We had talked all summer about getting married in a year or two. The night before we left for the country, I'd lain beside her in our apartment in Brooklyn, wondering where my life would be if I hadn't seen her that day at nineteen. I couldn't imagine an alternate trajectory, only the same life but without her. Half the life.
* * * *
Through the afternoon, we waited. We spoke by phone with our parents. “I want to get out of here,” I told my dad. Sabile looked up, startled. “Tonight; drive back to the city. Out here, isolated, we're more vulnerable."

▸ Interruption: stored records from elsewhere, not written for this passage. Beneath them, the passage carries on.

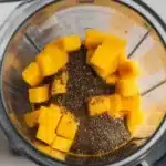 - In a blender, combine the diced mango, chia seeds, almond milk, banana, and honey.
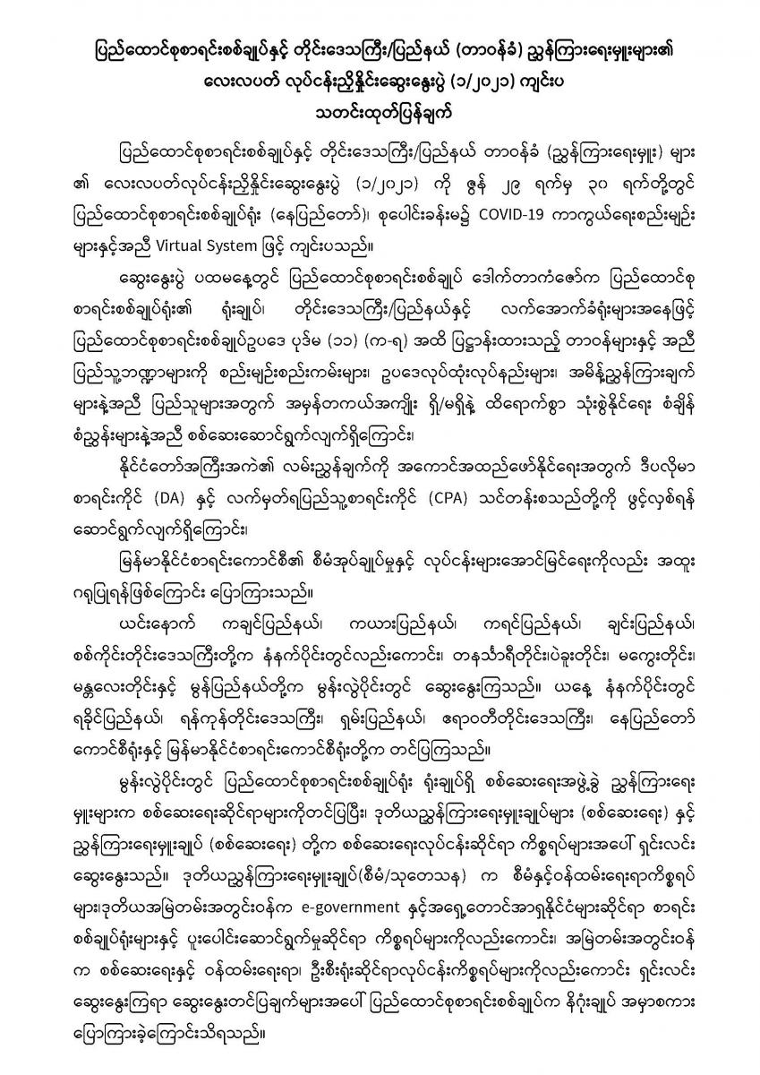 ၂၉-၆-၂၀၂၁ ရက်နေ့နှင့် ၃၀-၆-၂၀၂၁ ရက်နေ့တွင် ပြည်ထောင်စုစာရင်းစစ်ချုပ်နှင့် တိုင်းဒေသကြီး/ပြည်နယ် (တာဝန်ခံ) ညွှန်ကြားရေးမှူးများ၏ လေးလပတ် လုပ်ငန်းညှိနှိုင်းဆွေးနွေးပွဲ (၁/၂၀၂၁) ကျင်းပခြင်း
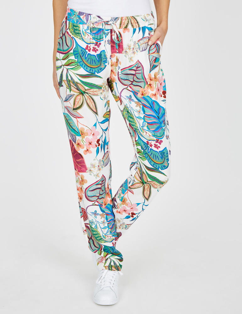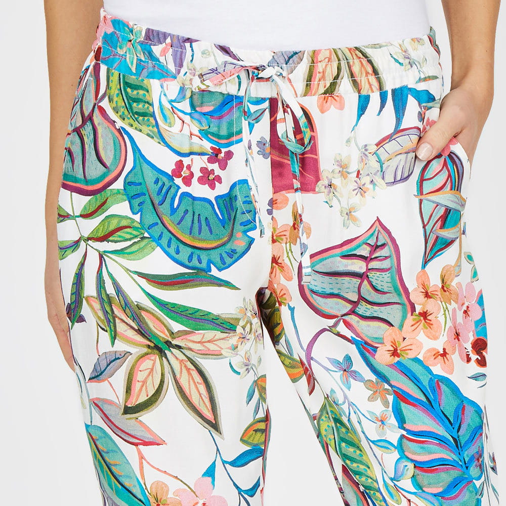 Spodnie LENE z kwiatowym wzorem. Urocze, plażowe spodnie z miękkiej wiskozy. Modny nadruk, wspaniały krój i miękki materiał zapewniają niebywały komfort. Po prostu idealne spodnie na ciepłe, letnie dni.
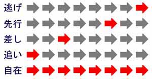 でのその馬のベストの位置です。矢印の8つの位置により、「逃げ」「先行」「差し」「追込」「自在」区別できます。
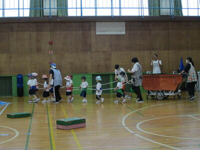 さいしょに、ぞうぐみさんが おみこしを かつぎ、ぱんだぐみさんと うさぎぐみさんが おししや うちわを もって、「わっしょい、わっしょい」の かけごえに あわせて ねりあるきを しました
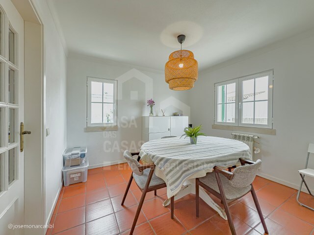 O interior distribui-se em dois pisos, com zonas amplas e versáteis. A área social conta com sala de estar com recuperador de calor, cozinha, zona de jantar e duas divisões extra com janela perfeitos para arrumos, estúdios criativos ou home office. No piso superior, três quartos com roupeiros e um quarto adicional (resultado da conversão da garagem) garantem conforto para toda a família, hóspedes ou alojamento local.
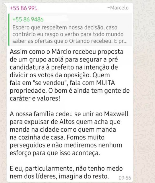 O jornalista Marcelo Fontenele revelou em um grupo de whatsapp que seu irmão, Márcio Fontenele, foi um dos que recebeu a proposta. Márcio era pré-candidato a prefeito e decidiu apoiar Maxwell da Mariinha e ser pré-candidato a vereador.
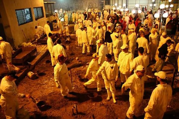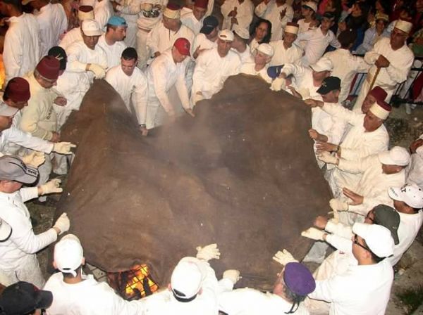 وفي غمرة هذه الفرحة الكبرى ترى الكل مهنئا الآخر معانقا ومخاطبا كل عام وانتم بخير، يتم اثناء ذلك سلخ الخراف ومن ثم تعلق الخراف لإخراج زوائدها الداخلية لحرقها، ثم تنظف بالماء ويوضع كل خروف بصادود من الخشب لكي يسهل تنزيله واخراجه من التنانير العميقة، ومن ثم تشرح الخراف وتملح بحسب اوامر الشريعة المقدسة. ها وتمليحها حتى يتم اعدادها لتنزيلها الى داخل التنانير حتى تشاهد ابناء الطائفة منشغلين بتحضير الجبلة من الطين، وما ان ينتهي ابناء الطائفة من تحضير الخراف وتصميطها وتنظيفها وتشريح لشبكة الحديدية وغيرهم يحمل العشب الاخضر ليقوموا بتغطية الشبكة حتى لا يتسخ لحم الخراف من جراء تغطيته بالتراب، وما ان يضعوا شباب الطائفة الممسكون بالخراف في التنانير وسط اهزوجة واناشيد فرحة وكبرياء متحدين للسعة النار الصاعدة من جوف التنانير، هذه النار التي تستمر مستعرة مدة ست ساعات متتالية، وكأن المنظر كيوم الحشر، ضمن صورته المبهجة المفرحة وتستمر الخراف داخل التنانير مدة ثلاث ساعات متتالية وعند منتصف الليل يجتمع جميع ابناء الطائفة ثانية بعد ان قضى اكثرهم وقته في اداء صلاة مساء العيد التي كادت ان تنتسى لولا الأولون الذين سطروها وكتبوها في مجاميع صلواتهم.
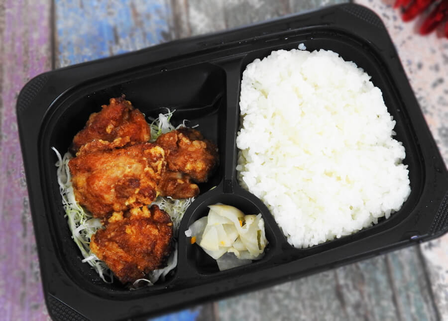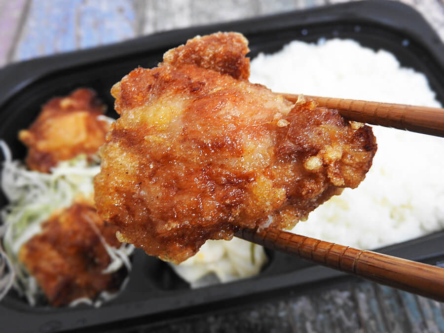 お弁当の中に入っている唐揚げは4つ。衣はカリカリとしていて、持ち帰りから30分経過していても、べちょっとなることはありませんでした。
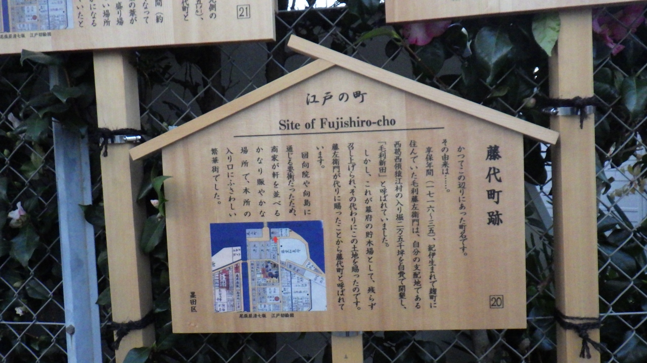 武蔵国と下総国両国の間を流れる隅田川に架かる両国橋の袂にある児童公園内に立てられている高札型案内板によると、この辺りのかつての町名で、麹町に住んでいた毛利藤左衛門が開墾した入り堀を、幕府に召し上げられその代わりにこの地を賜ったので、藤左衛門が代わりに賜ったことから藤代町と呼ばれたそうです。
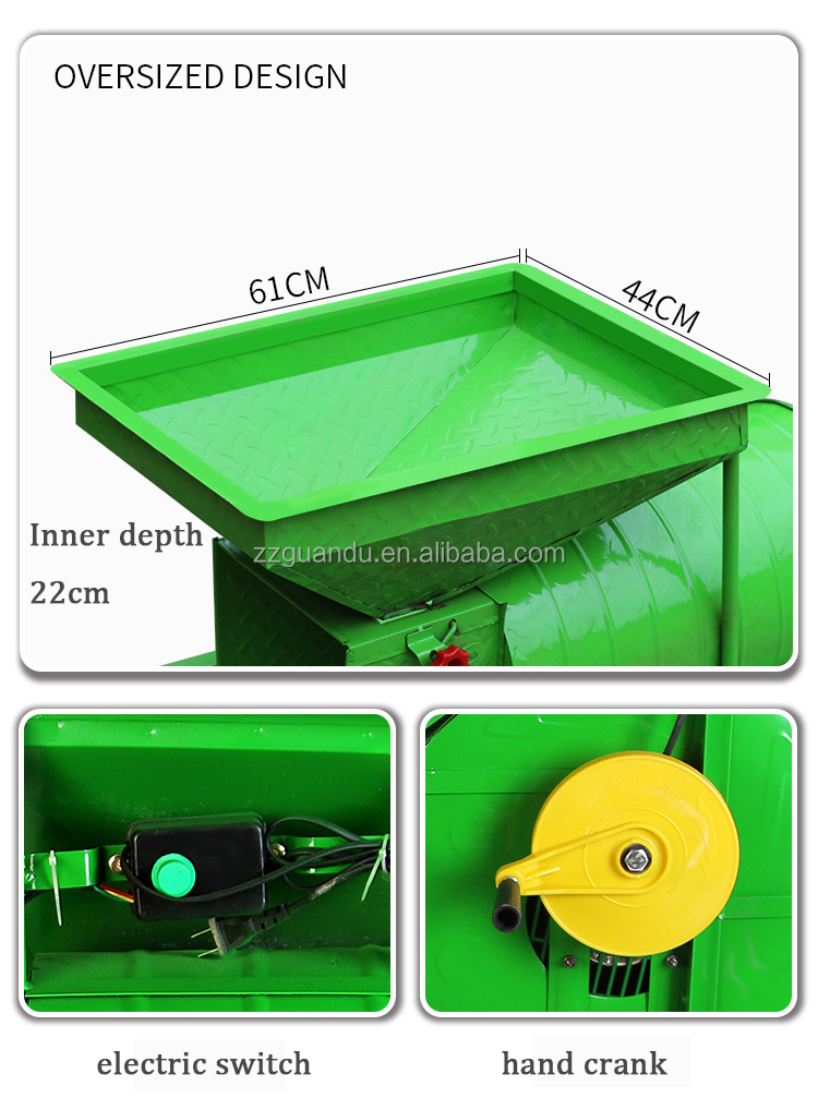 The machine is equipped with an exported high-quality stepless variable speed motor, and the wind speed is adjusted by turning the stepless variable speed adjustment knob. According to the different specific gravity of the crops, it can control the full and unfulfilled particles (depressed, moth-eaten, mildew, etc.) of various crops. and impurities (rods, leaves, bran, insects, etc.) for high-quality and efficient sorting and lifting, such as rice, corn, wheat, sorghum, millet, rapeseed, melon seeds, beans (soybeans, coffee beans), etc.; The sorting of stem leaves and impurities of tea, tobacco leaves, medicinal materials and other crops also has very good results. The machine is easy to operate, light to rotate, convenient and safe, light in weight and high in efficiency. It is widely used in feed processing, breeding, plant harvesting and classification, food processing, crop removal, seed selection, brewing and other production fields and ordinary farmers. The machine can be used normally in manual mode when there is no electricity, which is very convenient.
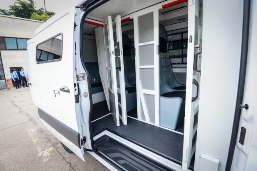 Донацијата се состои од две специјализирани комбиња за превоз на затвореници и мигранти, кои ќе бидат ставени во функција на Одделот за гранични работи и миграции при Бирото за јавна безбедност.
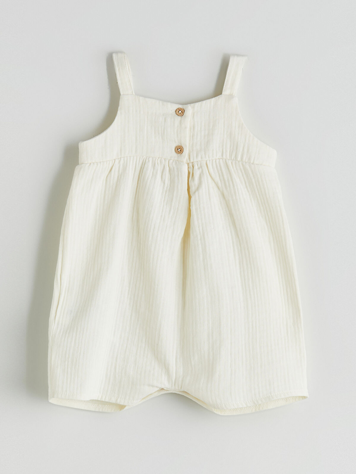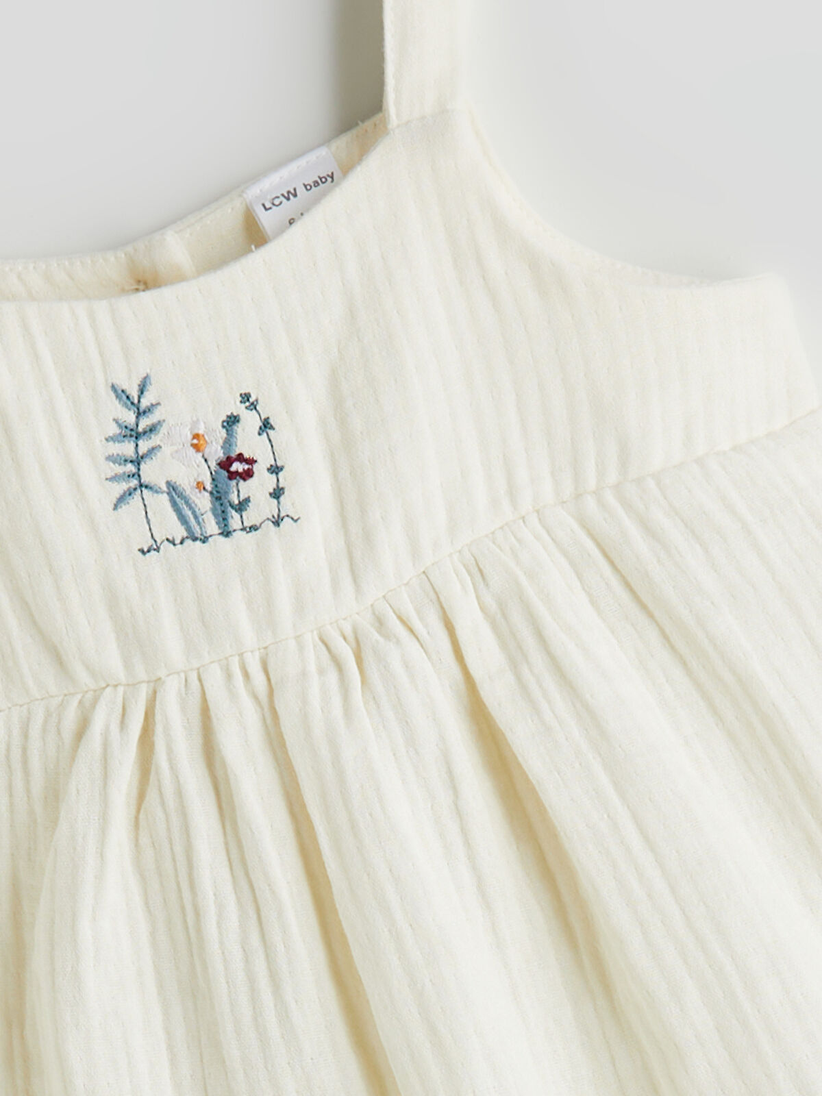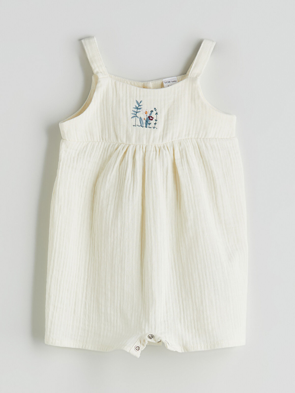 Dress your little one in this adorable cream romper, crafted from high-quality muslin fabric for ultimate comfort. Featuring a charming square neckline and thick straps, this romper is beautifully adorned with delicate embroidery on the chest. Designed for baby girls, it combines style with practicality, ensuring easy dressing with its snap closure. Perfect for playdates or cozy days at home, this romper is a delightful addition to your baby’s wardrobe, making every moment special.

"Traveling, exposed, that's when you'll be vulnerable,” he said. “Don't let them see you. People are hunkered down everywhere; the roads are empty. Wait it out."
Out of shame, I hadn't told him about Sabile's leaving. To me it seemed a moral lapse, one to be hidden.
Her standing in my parents’ eyes was high.
A new feeling, not to trust her. A drowning feeling, my breath uncatchable.
Slowly for a time, then with frightening speed, the sun slid down the sky and burst like a yolk, turning everything yellow. Then orange, then red. Night again. The TV went dead.
I heard an ominous, insistent scraping. Though I moved from kitchen to bedroom to den, I could not find its source. I stared out the window, certain they were coming.
"What are you looking for?” Sabile said. “What do you expect to do against them?” I realized the sound was coming from her; it was her fingernails dragging anxiously across her corduroy pants, over and over. She wasn't even aware.
"They don't mean any harm,” she said, brushing dark hair from her eyes. “They're not here to hurt anyone."
"Sabile,” I said, “the bodies? The heads? They eat the heads?"
"Only a few,” she said. “Not on purpose."
The air felt strange, thick. “Not on purpose,” I repeated. “Well, I guess it's all right if it's not on purpose."
She said, “There are risks you take."
Abruptly I turned to the window, thinking I had glimpsed something luminescent in the darkness. Again, there was nothing. Then, suddenly, Sabile was on her feet and had both arms wrapped tightly around me from behind, a violent and honest embrace, murmuring into my shoulder soft words I couldn't hear. My muscles slackened; I went still. There's an embrace only a woman who loves you can give.
For a minute or two we didn't move, the two of us resting like that.
Her body was quivering, just a little, as if in anticipation.
"What is it?” I whispered.
Then I heard quiet feet on the stairs.
* * * *
After they had gone, taking her, I had to laugh a little.
No, that isn't true. I didn't laugh.
I sat on the dry grass of the backyard, feeling the kind of exhaustion that seems like it could last your whole life.